We have battery storage which generally covers the heatpump usage. 95% of our grid usage is therefore in the off-peak period so electricity cost will be dropping by about 25% with the new rates.
I expect the extremely low overnight rates will very much be temporary (since they are in part due to govt policy anyway). Octopus must be losing money on those tariffs (and have been for some time) and if more users start piling on heating usage (which coincides with their highest cost times), then I suspect that will make them re-evaluate the offering. If you want to get an idea of the true cost of electricity to Octopus overnight, then compare what Octopus charge on the Agile tariff to Octopus Go (don’t just look at tonight! Look at an average of the past few weeks).
Many properties would need a (potentially very expensive) supply capacity upgrade to be able to pull in all of their daily heating at a CoP of 1 within 6 hour period, and be able to charge their car and DHW at the same time. e.g. heat load of 10 kW would need 40 kW electrical supply to storage heaters (plus another 7 kW for the car, and maybe 3 to the DHW) total 50 kW which requires 200 amps at 240 volts single phase.
On a cold winter day my heat pump delivers in excess of 100kWh/day of heat output. For storage heaters to absorb that much heat over a 5/6/7 hour off-peak electricity period implies a current around 60-80 Amps. My main fuse is 60A, so irrespective of a price comparison, we need to consider the practicalities of this approach being taken by an individual property as well as implications to the grid of mass adoption locally or nationwide.
TL:DR. it’s a daft idea 
I’m not so sure this is true. The intelligent part of Octopus allows them to move the charge window around. In part this allows them to select the cheapest times for charging. It also gives them the ability to move demand around, and shed demand. Those are both services which have value to the grid and undoubtably Octopus is being paid to provide them.
The last figure I saw was that Octopus had over 1GW of controllable demand in the UK on their Kraken platform.
I occasionally see IOG choose slots in the 4-7pm peak, on days with high CO2 intensity. Those must be expensive slots, so the only logical explanation is that Octopus is receiving payment for some other service (for example being able to shed load in the case of a sudden power station outage) that means it makes sense.
This is a very good point.
There is friction between what makes sense for an individual vs what makes sense at a population level. When sizing a heat pump it makes sense for an individual to slightly undersize it so that the capacity is more appropriate for 99% of the running and avoids inefficient cycling. Supplemental COP 1 heating (fan heater, oil heater, etc) can be used if necessary. Makes perfect sense.
However at a population level, the nightmare scenario for the grid is that on a really cold day, when demand is already high, people start adding COP 1 additional load. From a grid perspective accepting the cycling inefficiencies is preferably to creating even higher load at peak moments.
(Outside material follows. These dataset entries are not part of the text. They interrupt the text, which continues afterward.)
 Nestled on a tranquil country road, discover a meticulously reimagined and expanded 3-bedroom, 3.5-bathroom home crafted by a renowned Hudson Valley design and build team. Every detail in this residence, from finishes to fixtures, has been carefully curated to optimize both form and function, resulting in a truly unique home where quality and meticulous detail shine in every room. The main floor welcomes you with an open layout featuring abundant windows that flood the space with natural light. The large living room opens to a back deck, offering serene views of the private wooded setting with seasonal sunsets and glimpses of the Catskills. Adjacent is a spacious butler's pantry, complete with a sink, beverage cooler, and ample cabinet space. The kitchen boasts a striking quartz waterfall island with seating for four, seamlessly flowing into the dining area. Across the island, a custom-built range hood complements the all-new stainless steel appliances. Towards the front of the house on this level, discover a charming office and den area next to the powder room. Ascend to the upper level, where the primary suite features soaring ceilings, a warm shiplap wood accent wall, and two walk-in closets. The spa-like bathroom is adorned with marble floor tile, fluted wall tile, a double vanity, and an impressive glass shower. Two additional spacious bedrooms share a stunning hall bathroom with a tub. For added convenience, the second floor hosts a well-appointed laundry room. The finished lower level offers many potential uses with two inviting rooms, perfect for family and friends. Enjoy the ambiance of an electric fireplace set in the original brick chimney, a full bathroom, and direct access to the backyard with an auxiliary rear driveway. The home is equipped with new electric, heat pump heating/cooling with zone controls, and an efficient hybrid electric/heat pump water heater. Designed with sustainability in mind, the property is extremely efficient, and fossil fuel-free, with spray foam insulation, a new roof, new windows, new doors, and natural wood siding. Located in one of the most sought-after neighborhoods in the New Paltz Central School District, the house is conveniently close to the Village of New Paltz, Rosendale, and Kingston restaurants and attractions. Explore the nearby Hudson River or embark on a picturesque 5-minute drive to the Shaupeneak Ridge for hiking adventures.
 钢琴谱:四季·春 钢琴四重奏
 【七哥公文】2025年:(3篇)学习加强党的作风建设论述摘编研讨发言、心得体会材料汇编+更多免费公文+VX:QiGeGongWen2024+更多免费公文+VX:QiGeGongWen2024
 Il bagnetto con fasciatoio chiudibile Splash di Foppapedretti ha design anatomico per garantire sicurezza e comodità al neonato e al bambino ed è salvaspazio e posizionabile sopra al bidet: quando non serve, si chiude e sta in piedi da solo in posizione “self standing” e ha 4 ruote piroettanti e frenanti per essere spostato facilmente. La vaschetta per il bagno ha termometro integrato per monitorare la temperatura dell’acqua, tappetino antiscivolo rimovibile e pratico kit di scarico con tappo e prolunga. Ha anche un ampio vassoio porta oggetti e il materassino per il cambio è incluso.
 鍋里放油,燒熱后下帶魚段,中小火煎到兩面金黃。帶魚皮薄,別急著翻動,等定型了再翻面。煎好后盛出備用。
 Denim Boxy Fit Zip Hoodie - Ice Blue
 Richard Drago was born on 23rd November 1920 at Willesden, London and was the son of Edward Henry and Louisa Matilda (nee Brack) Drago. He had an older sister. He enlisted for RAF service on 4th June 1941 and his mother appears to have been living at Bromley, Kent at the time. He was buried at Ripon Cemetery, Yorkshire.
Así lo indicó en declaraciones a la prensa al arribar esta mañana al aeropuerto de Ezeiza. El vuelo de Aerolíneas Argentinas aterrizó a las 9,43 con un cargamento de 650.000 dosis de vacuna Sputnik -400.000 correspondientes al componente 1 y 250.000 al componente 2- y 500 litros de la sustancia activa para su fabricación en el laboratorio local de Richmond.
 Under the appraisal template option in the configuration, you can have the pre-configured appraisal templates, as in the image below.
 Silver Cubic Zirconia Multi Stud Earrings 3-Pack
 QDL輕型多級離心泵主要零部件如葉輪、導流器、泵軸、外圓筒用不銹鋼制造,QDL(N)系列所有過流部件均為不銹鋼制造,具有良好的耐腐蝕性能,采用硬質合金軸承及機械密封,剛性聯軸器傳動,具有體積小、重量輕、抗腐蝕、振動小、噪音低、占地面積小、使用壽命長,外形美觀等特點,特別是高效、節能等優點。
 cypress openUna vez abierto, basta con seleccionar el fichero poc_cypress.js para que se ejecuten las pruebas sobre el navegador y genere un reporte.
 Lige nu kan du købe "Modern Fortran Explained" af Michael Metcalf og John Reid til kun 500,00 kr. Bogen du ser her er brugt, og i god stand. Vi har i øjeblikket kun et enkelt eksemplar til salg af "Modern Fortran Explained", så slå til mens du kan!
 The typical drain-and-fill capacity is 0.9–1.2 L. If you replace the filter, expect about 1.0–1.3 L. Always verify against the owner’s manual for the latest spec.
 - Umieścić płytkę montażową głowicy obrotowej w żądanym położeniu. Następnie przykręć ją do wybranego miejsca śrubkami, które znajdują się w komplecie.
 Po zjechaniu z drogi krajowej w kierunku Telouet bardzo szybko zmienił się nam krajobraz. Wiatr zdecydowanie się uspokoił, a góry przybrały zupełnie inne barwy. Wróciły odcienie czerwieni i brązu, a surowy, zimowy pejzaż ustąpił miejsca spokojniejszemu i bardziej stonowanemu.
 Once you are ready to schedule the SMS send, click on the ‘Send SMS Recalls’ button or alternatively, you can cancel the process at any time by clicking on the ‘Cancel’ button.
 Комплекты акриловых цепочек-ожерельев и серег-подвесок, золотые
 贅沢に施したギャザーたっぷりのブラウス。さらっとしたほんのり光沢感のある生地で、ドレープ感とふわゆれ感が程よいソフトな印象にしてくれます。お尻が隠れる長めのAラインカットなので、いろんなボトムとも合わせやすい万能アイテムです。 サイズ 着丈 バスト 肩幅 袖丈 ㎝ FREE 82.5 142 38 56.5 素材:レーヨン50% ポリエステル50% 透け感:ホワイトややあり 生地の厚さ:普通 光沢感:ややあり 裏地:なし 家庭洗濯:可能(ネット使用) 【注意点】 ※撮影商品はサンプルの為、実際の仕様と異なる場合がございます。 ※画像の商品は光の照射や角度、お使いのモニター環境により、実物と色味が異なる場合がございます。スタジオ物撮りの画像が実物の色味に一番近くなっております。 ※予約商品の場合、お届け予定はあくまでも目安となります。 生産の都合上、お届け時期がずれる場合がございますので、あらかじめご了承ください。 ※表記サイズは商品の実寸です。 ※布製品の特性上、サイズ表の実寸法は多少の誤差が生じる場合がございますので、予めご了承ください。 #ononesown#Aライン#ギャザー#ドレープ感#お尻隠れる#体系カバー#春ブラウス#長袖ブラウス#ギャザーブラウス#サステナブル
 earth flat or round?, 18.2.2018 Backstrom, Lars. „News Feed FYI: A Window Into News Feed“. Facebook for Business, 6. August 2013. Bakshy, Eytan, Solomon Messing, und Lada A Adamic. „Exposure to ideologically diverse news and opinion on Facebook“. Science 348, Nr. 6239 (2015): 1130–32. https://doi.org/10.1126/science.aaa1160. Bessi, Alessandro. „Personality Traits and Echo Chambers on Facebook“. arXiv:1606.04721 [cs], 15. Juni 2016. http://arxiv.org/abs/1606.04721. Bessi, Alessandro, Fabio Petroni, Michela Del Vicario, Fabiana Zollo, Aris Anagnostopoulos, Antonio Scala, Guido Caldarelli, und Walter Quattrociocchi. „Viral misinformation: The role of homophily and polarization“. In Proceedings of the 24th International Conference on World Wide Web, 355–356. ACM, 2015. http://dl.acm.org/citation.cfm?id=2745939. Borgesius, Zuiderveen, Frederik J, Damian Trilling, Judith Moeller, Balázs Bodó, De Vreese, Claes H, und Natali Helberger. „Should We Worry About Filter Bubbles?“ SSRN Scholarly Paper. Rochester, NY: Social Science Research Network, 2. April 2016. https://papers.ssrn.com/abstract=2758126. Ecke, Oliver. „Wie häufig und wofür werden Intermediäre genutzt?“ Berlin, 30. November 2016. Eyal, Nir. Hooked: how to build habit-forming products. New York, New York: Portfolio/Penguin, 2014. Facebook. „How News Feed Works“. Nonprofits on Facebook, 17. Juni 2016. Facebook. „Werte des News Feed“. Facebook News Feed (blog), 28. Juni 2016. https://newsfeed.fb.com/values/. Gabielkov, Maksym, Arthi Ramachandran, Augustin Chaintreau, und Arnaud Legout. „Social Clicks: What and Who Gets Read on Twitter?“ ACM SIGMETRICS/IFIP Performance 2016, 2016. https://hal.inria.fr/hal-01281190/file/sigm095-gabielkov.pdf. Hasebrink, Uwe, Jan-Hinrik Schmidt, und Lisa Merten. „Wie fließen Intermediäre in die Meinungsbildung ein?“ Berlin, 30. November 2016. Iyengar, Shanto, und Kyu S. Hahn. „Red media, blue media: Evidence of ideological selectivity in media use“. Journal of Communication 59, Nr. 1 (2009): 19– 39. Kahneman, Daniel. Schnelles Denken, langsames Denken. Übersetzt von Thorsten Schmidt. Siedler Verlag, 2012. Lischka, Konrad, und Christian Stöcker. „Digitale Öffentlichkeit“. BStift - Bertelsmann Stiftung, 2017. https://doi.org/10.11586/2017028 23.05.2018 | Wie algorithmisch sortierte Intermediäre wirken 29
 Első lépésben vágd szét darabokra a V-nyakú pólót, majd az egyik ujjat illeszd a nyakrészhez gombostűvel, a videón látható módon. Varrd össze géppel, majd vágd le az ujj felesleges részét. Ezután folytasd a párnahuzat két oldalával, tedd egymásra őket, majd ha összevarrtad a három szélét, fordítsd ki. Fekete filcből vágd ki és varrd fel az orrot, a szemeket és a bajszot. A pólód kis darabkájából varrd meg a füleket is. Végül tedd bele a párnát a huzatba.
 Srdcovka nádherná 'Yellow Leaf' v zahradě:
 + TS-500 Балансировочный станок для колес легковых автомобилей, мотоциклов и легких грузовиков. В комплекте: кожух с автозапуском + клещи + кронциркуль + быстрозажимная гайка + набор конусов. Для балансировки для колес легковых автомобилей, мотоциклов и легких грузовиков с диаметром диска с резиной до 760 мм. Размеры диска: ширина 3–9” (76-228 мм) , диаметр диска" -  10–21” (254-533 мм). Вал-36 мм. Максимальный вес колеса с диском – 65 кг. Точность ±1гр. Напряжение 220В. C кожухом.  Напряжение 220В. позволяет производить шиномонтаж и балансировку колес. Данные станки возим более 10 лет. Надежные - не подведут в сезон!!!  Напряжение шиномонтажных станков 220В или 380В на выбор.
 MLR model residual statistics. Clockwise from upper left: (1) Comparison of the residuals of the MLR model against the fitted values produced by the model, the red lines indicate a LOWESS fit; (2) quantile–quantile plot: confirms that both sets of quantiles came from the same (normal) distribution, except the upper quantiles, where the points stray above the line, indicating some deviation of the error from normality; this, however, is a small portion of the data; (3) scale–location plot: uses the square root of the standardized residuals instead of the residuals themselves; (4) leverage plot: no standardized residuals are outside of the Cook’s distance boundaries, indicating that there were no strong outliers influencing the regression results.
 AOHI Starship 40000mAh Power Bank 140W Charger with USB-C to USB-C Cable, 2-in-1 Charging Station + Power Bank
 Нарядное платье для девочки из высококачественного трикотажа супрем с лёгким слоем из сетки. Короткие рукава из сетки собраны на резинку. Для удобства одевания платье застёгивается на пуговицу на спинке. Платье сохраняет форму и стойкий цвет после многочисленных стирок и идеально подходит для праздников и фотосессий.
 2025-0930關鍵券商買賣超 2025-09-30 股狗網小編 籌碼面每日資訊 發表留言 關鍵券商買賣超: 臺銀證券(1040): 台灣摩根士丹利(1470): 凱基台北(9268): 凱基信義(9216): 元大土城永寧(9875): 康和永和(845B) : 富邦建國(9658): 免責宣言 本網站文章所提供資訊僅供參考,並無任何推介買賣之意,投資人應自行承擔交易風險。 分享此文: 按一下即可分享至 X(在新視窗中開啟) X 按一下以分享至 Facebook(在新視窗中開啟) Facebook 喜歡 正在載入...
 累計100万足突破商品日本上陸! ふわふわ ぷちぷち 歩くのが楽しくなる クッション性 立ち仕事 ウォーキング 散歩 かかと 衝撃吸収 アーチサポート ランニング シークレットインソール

The answer is obviously heat pumps rather than storage heaters. Decreasing our primary energy requirement has to be the way forwards. I think over the next decade we’ll see considerable change to TOU tariffs. I suspect the overnight period will get more expensive as increasing numbers of people make use of it. Conversely I think we’ll see the emergence of a mid-day off-peak, especially in summer, as the installed solar capacity grows. Ultimately I think we will see significant cost increases at the times of peak demand. Having the ability to move your grid consumption, even by a few hours, will be hugely beneficial.
I would take Octopus Agile as an indicator of wholesale prices. It now rarely gets below mid teens (pence per kWh) even in the supposedly high supply/low demand early morning period. Also TOU prices like Cosy are creeping up - I calculate around 24p average for a heat pump compared with low 20’s last year.
So conclusions are that EV tariffs are being subsidised through other users and as more EV’s are coming on stream the night time wind is not keeping up. Whether the low EV tariffs will continue in the medium term is uncertain. Perhaps they are a short term subsidy - like FITs and the BUS grants - to encourage EV take up but eventually the government will need to fill the financial hole from loss of fuel duty by either a charge per mile or maybe an EV electrical tariff premium.
Hopefully the expansion of wind and solar is bringing on more low cost production but, currently, this is only just keeping up, at best, with increased overnight demand.
Furthermore the uncertainty in TOU tariffs means that heat pumps and home batteries from a financial payback view - I know there are other environmental and comfort benefits - are less attractive. The plummeting cost of grid level batteries also undermine individual ones. The latter help avoid local grid stress but this does not seem to be recognised through TOU pricing.
Clearly no sensible person will install new storage heaters rather then a heatpump for a complete home.
But seems to be no economics case to replace working storage heaters with a A2W heatpump. Personally I would just add a A2A to the living room.
As the grant does not allow hybred system, I expect many oil users with boiler that are in a good condition will get the fastest payback by DIY installing a small number of 2nd hand storage heaters. (One per ring main)
The fully installed price of full new storage heater system is now close to the price of Fogstar batteries!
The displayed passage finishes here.